THE DATA
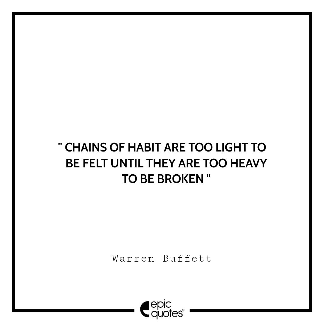 6. Chains of habit are too light to be felt until they are too heavy to be broken. –Warren Buffett
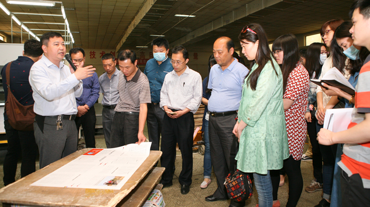 王在東總經(jīng)理陪同領(lǐng)導(dǎo)參觀交流裝訂車間
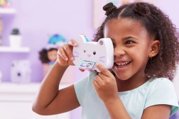 Lépj be a fantázia világába a Gabby varázsházából ismert Kitty Camera játék fényképezőgéppel. A gyerekek három műanyag „fotót” helyezhetnek be, belenézhetnek a keresőbe, és gombnyomásra figyelhetik, ahogy a cica kacsint és „kiköpi” a képet. A valósághű elemek – például a színes, nyomkodható gombok és a tekerhető tárcsák – ideális választássá teszik az óvodások számára.
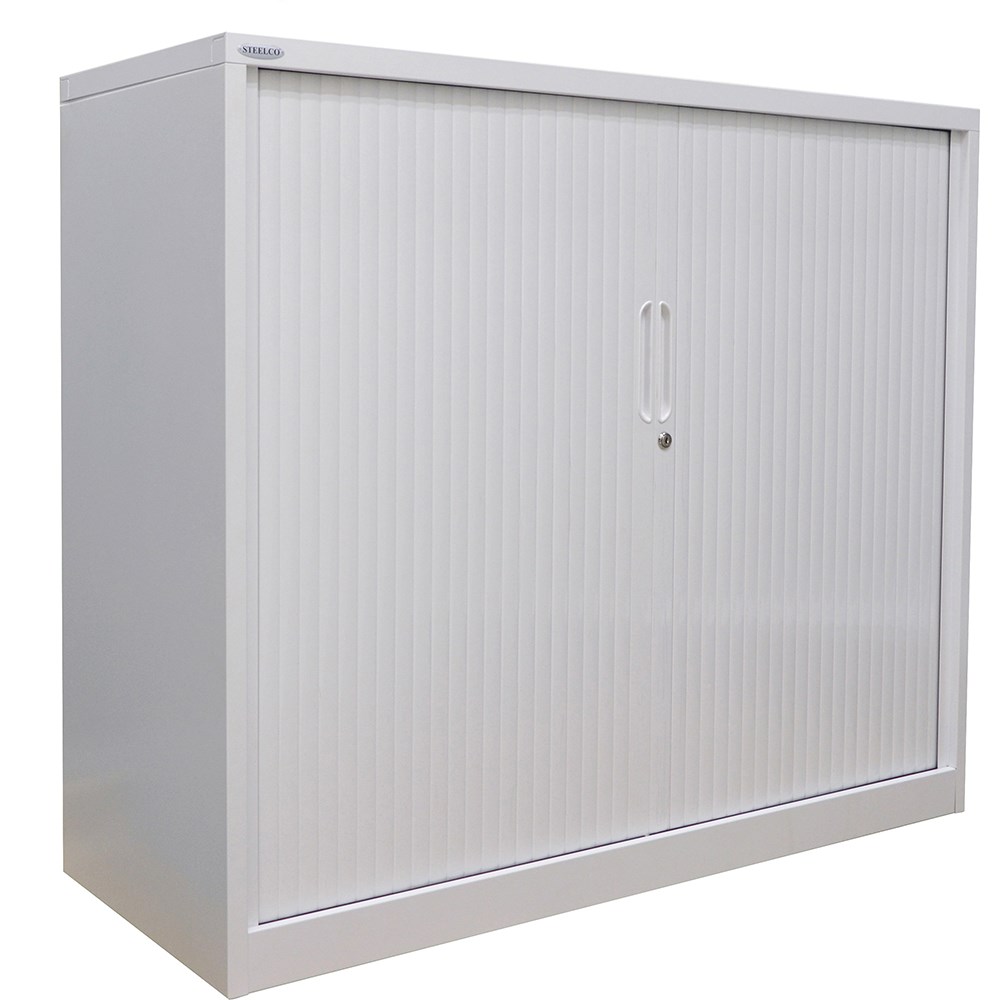 Steelco Tambour Door Cupboard Includes 3 Shelves 900W x 463D x 1200mmH Silver Grey

WHAT YOU NEED TO DO
Your response must reproduce every line of the data exactly, with images omitted.

EXERCISE RESULT
 6. Chains of habit are too light to be felt until they are too heavy to be broken. –Warren Buffett
 王在東總經(jīng)理陪同領(lǐng)導(dǎo)參觀交流裝訂車間
 Lépj be a fantázia világába a Gabby varázsházából ismert Kitty Camera játék fényképezőgéppel. A gyerekek három műanyag „fotót” helyezhetnek be, belenézhetnek a keresőbe, és gombnyomásra figyelhetik, ahogy a cica kacsint és „kiköpi” a képet. A valósághű elemek – például a színes, nyomkodható gombok és a tekerhető tárcsák – ideális választássá teszik az óvodások számára.
 Steelco Tambour Door Cupboard Includes 3 Shelves 900W x 463D x 1200mmH Silver Grey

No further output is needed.